聽了陳富的話心情極為複雜,其中驚喜佔據大半。
“陳都統,本王家鄉的‘安答’們,真過的這麼好了?”
安答也可以寫成安達,在蒙古語中是對同一輩分非親屬關係的稱呼,表示親近。
同時也可以代表結拜兄弟。
陳富聞言連連點頭:“那必須的!”
“咱們現在涮火鍋吃的牛肉,就是從內蒙來的!”
“牛羊肉賣遍全國各地,生活想不好都難!”
僧格林沁聞言,馬上從銅鍋裡撈出一片肉,閉上雙眼仔細品嚐。
“不錯,正是本王家鄉的味道!”
“一百多年沒回去過,再沒見過接連天宮的‘鄂特岡騰格里’,和比海寬廣的‘達裡湖’了。”
“好懷念啊......”
“鄂特岡騰格里”,是蒙古境內最高的山峰。
位於蒙古國西北部扎布汗省鄂特岡縣,屬於“杭愛山脈”。
其海拔高度,存在不同測量資料:
最新官方資料顯示主峰海拔約為4031米,另有早期測量資料為4008米。
由於地理位置敏感,蒙古國政府自2015年起實施攀登管制措施。
聽了陳富關於“鄂特岡騰格里山”的講述,僧格林沁雙眉緊鎖。
“陳都統,你的意思是如今我的家鄉已經分裂,一部分不再屬於我堂堂中華,而是依附於羅剎國?”
羅剎國,我國古代對俄羅斯的稱呼。
那時候的老毛子,沒少侵略、掠奪我們,因此僧格林沁對他們沒有任何好印象。
陳富連連點頭:“可不是麼!”
“現在蒙古國又不和老毛子混了,更親近高麗棒子!”
“艾瑪,真不知道咋想的!”
“跟小棒子混能有啥好處?吃屎都趕不上熱乎的!”
僧格林沁聞言更加憤怒:“甚麼?我的家鄉已經淪落至此?”
“不行!萬萬不行!”
“本王這就回去光復祖地,殺光那些叛徒!讓家鄉重歸中國!”
特殊解釋一下,我們自稱中國,並不是1949年建國後才有的,最早可追溯到西周時期。
據考古發現年在陝西省寶雞市出土的西周初年青銅器“何尊”上,就刻有銘文“宅茲中國”這四個字。

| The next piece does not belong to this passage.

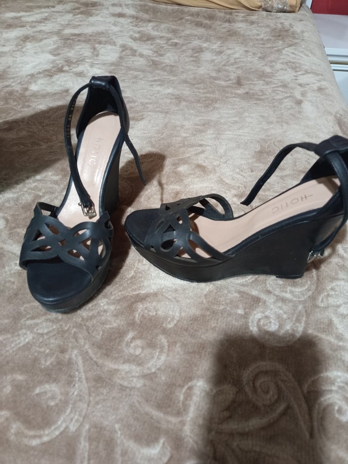 Siyah, dolgu topuklu, tokalı kayışlı, minimal ve gotik tarzda kadın ayakkabısı. Romantik akşamlar için uygundur.
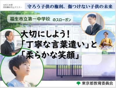 福生第一中学校では、すべての教員、講師、外部指導員が体罰のみならず、不適切な言動のいっさいの根絶と、子供の人権、人格、個性の尊重を誓います。そのため、今年度は以下のようなスローガンを掲げます。

除此之外,在《尚書》、《詩經》中,都有中國這樣的自稱:居天下之中,故稱中國。
所以現在,咱們才叫新中國。
另在《說文解字》中,對中國的解釋如下:
中,內也。從口、丨,下上通也。
“中”所指向的是種子的中心;種子的中心是“仁”。
我們中國也就是“仁”所在之國,區別於其它蠻夷之輩。
......
有用的科普完畢,筆者繼續給大家講故事:
暴怒的僧格林沁猛的站了起來,帶著一身殺氣走到外面,大喊。
“來人,備馬!”
“所有人聽令:隨本王出征,殺奔漠北!光復我黃金家族的中興之地!”
僧格林沁說完,發生了令人無比尷尬的一幕:
除了他的親兵外,沒有任何人執行命令。
彼此大眼瞪小眼,最後一齊將目光落在緊追出來的陳富身上。